INSTRUCTIONS TO FOLLOW>
Would you repeat word for word the lines of the listing that follows, from the one with "Pampers Premium Care" up to and including the one with "出発準備して砂地の道を200", and leave out the images?

EXERCISE INPUT>
************
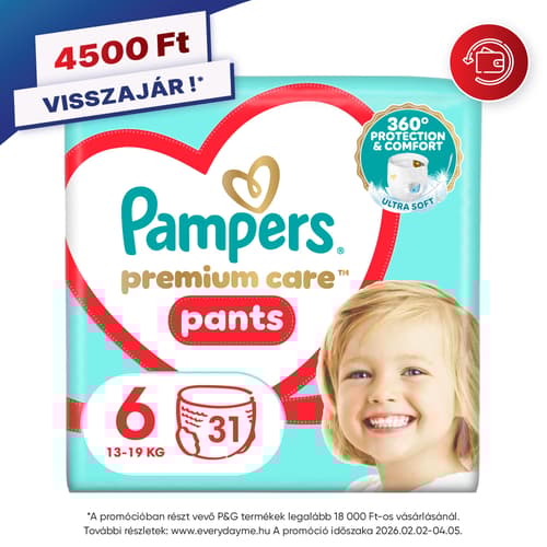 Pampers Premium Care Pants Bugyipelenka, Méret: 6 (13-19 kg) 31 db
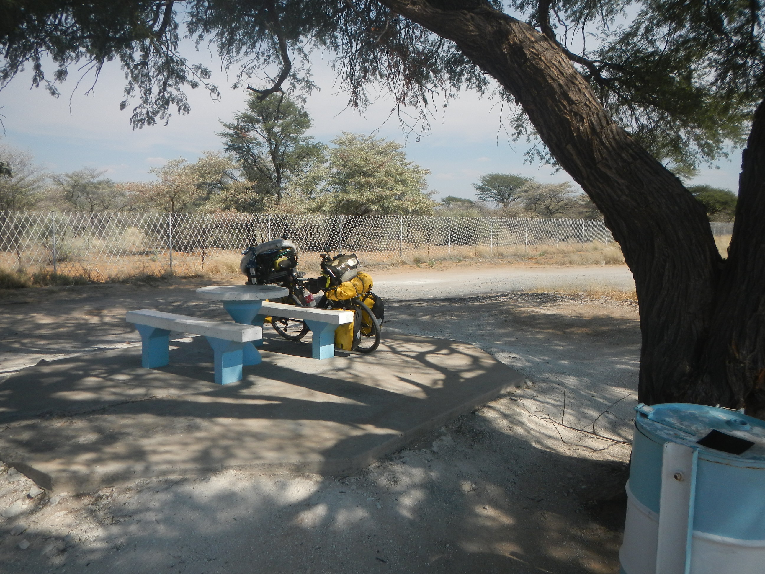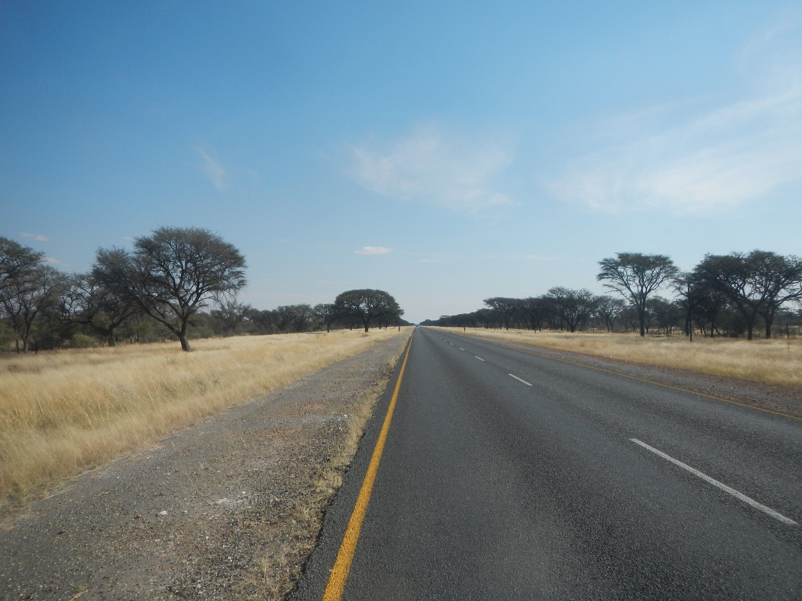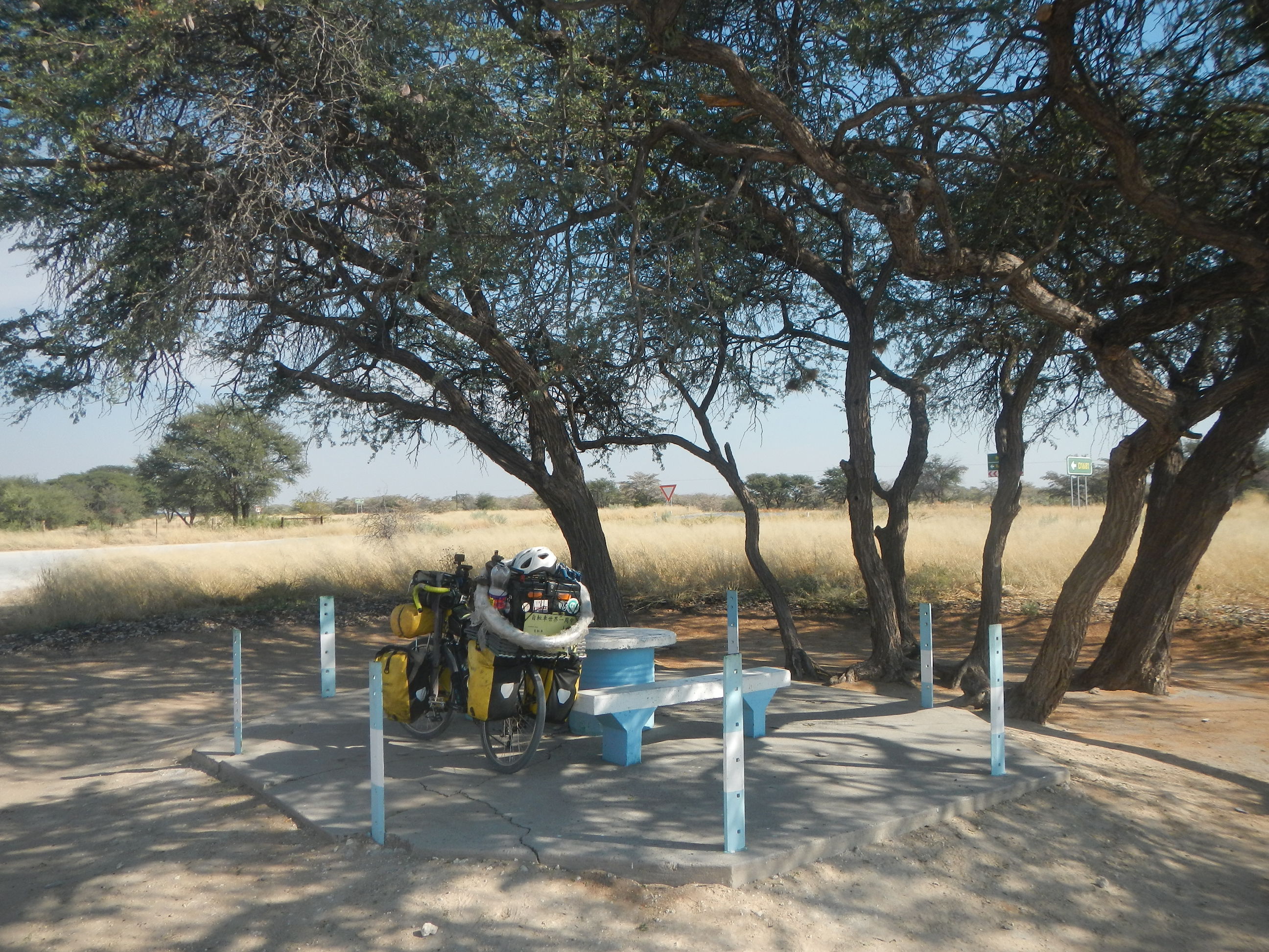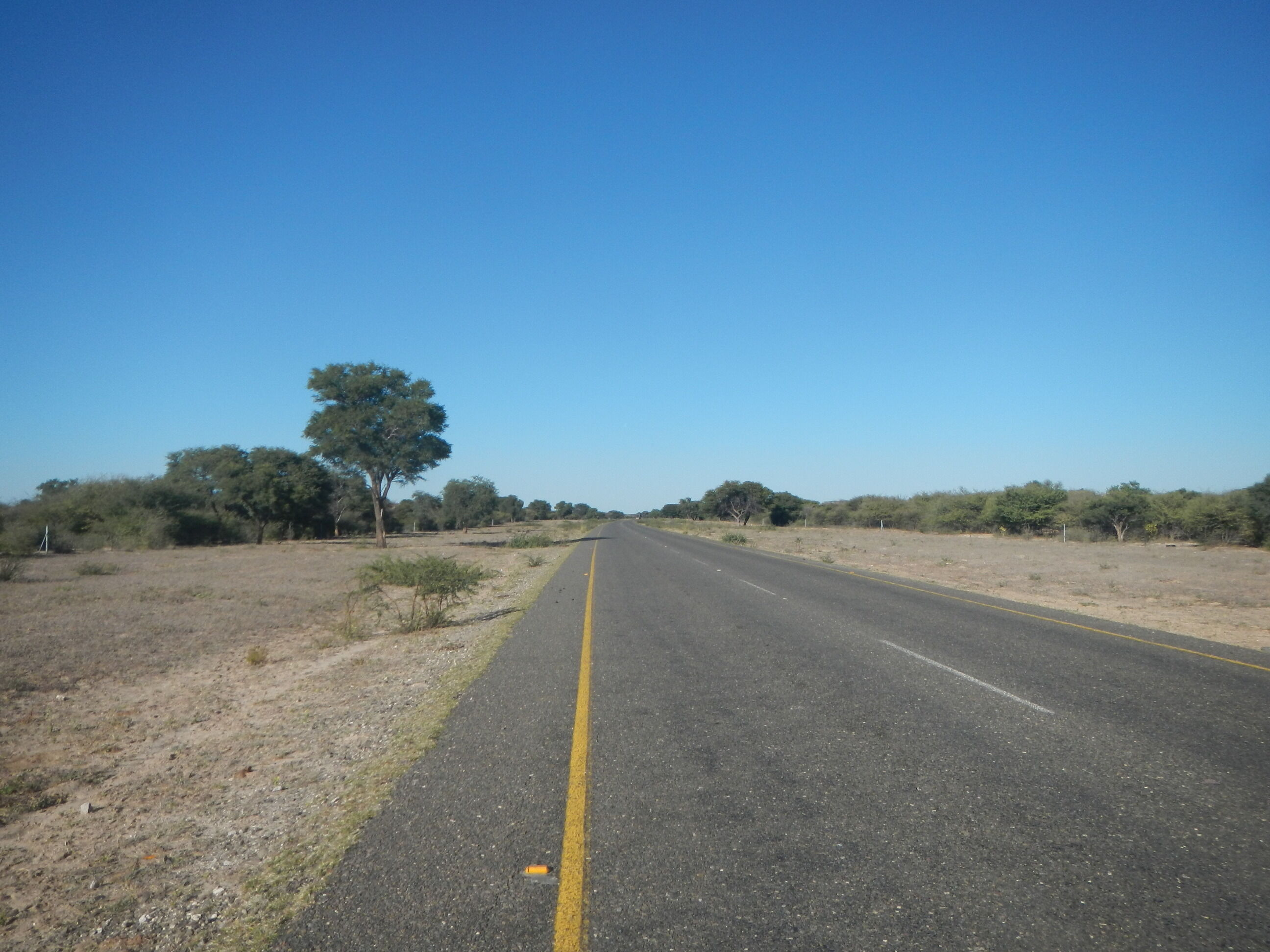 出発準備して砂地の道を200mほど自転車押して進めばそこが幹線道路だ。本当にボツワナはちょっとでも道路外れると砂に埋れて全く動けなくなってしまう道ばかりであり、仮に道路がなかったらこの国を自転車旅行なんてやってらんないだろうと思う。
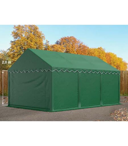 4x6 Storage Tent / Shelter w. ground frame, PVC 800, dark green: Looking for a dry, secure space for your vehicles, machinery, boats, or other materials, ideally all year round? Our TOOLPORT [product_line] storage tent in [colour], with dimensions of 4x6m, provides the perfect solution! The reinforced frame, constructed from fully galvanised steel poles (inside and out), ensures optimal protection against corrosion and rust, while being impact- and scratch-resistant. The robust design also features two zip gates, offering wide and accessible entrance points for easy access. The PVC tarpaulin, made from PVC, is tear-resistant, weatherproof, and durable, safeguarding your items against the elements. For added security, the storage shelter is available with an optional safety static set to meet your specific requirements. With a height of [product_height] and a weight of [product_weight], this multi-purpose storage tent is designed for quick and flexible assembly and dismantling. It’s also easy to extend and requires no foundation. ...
************
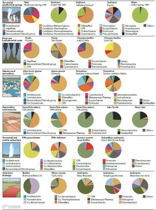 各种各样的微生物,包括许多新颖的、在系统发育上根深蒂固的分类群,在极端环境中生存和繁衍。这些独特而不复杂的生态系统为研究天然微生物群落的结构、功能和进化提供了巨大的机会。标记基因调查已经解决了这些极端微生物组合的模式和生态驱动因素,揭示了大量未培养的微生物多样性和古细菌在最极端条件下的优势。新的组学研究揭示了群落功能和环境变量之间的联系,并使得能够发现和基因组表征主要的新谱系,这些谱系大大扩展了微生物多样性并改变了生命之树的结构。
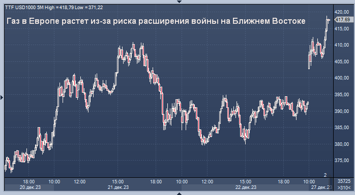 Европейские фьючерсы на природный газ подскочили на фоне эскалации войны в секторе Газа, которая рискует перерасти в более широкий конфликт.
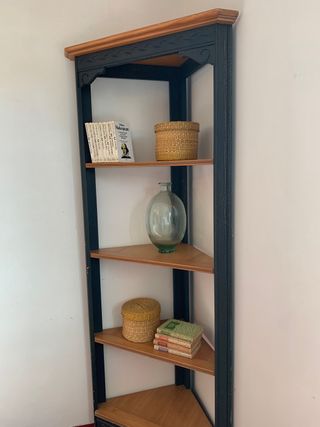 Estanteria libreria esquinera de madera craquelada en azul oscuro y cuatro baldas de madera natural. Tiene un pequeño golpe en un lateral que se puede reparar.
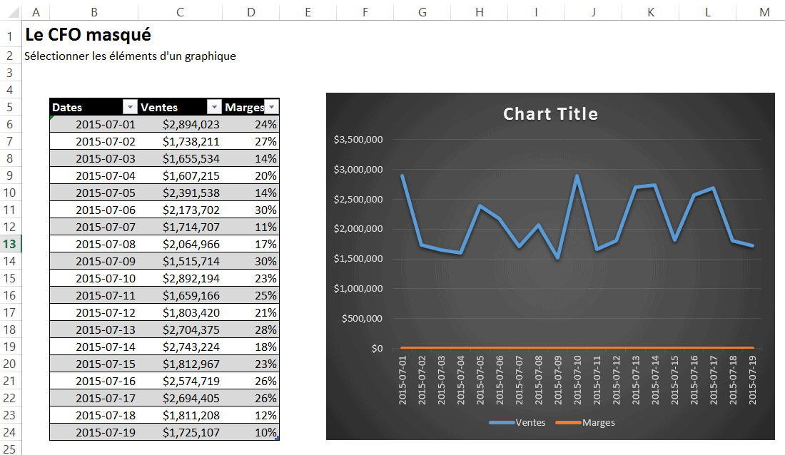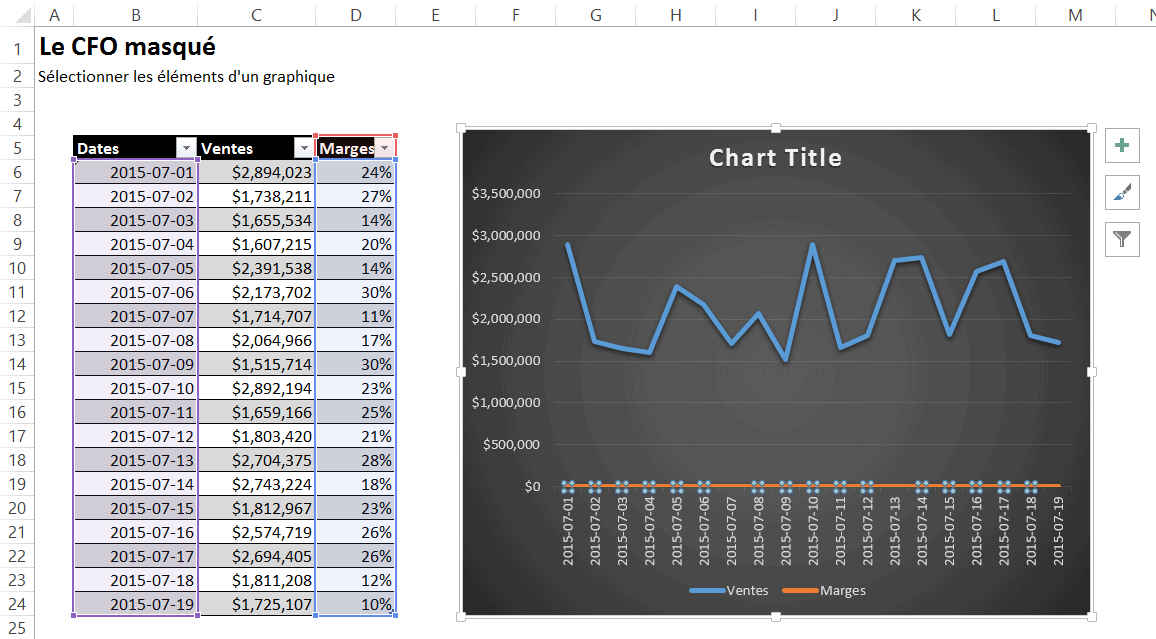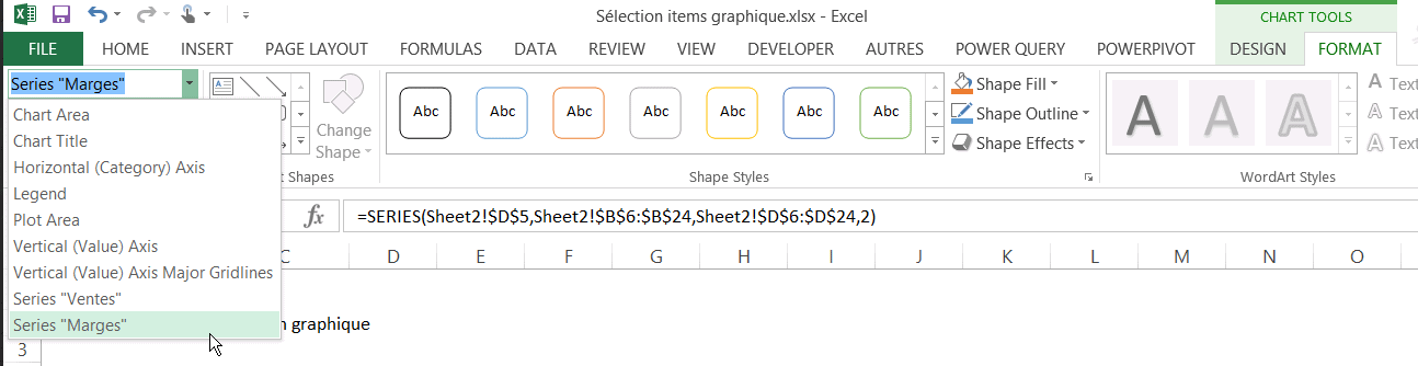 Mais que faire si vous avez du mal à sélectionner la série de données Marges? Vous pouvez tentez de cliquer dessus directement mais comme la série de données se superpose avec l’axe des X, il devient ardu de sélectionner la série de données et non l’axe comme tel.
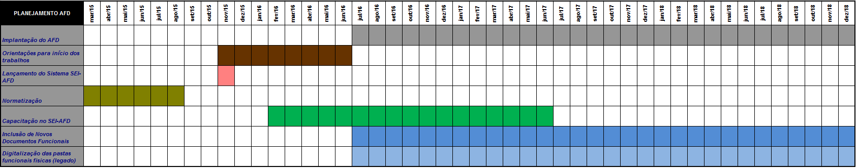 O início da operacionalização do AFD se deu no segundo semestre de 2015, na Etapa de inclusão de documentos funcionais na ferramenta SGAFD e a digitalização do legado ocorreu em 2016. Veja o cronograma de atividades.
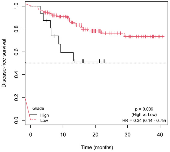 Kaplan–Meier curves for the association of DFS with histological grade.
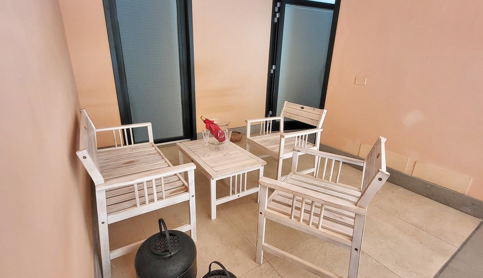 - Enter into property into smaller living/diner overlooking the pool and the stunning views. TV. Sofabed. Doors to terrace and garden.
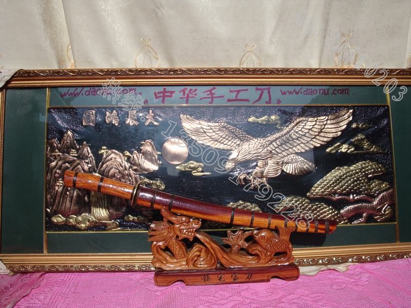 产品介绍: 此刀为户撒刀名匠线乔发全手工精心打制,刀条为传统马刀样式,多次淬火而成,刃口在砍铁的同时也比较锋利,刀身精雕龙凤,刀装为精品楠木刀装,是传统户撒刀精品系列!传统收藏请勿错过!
************
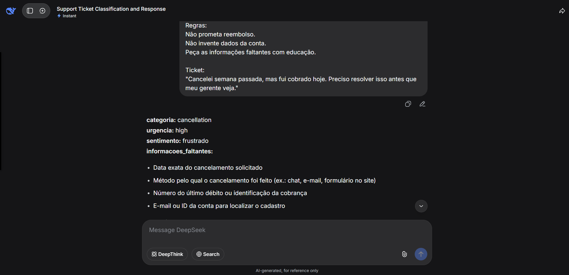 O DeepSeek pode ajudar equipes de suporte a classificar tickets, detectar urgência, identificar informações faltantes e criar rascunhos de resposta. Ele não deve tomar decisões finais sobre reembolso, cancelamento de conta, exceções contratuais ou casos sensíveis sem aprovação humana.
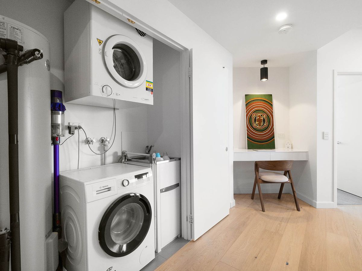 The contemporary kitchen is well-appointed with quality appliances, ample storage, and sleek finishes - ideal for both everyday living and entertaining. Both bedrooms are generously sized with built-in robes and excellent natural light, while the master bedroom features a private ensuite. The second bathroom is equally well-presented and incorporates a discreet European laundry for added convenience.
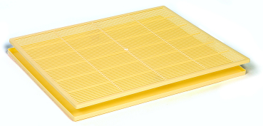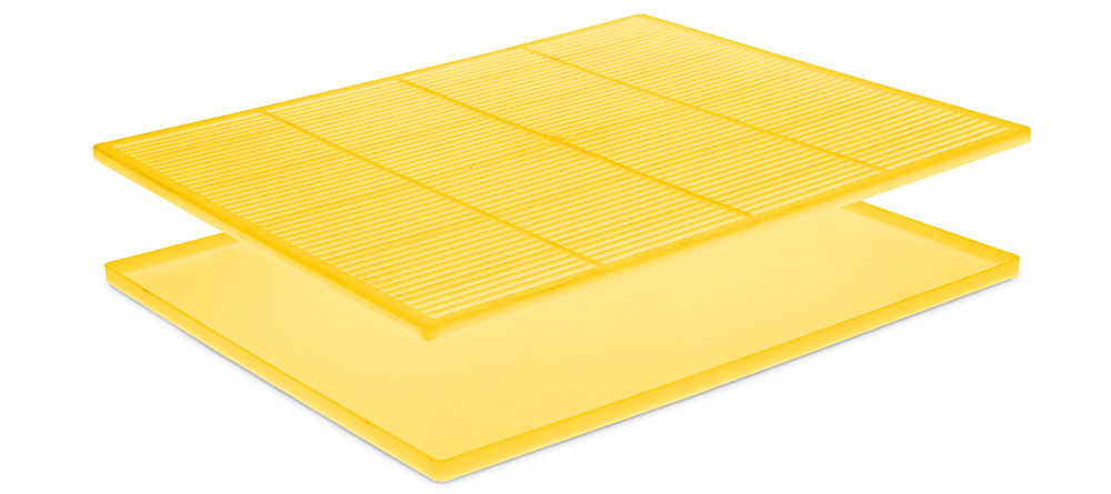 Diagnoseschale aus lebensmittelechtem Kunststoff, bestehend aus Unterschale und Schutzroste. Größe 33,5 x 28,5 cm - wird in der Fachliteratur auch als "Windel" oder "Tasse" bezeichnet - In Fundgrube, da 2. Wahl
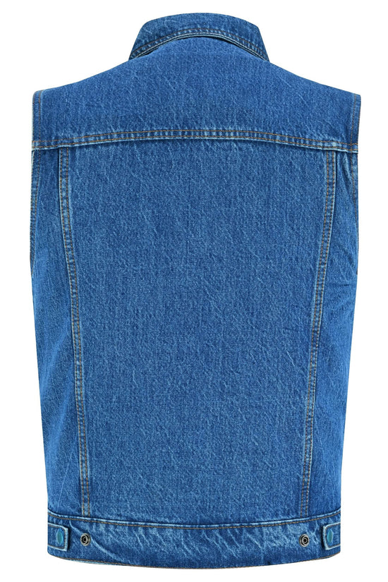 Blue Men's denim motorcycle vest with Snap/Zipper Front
************
ANSWER BOX>
 Pampers Premium Care Pants Bugyipelenka, Méret: 6 (13-19 kg) 31 db
 出発準備して砂地の道を200mほど自転車押して進めばそこが幹線道路だ。本当にボツワナはちょっとでも道路外れると砂に埋れて全く動けなくなってしまう道ばかりであり、仮に道路がなかったらこの国を自転車旅行なんてやってらんないだろうと思う。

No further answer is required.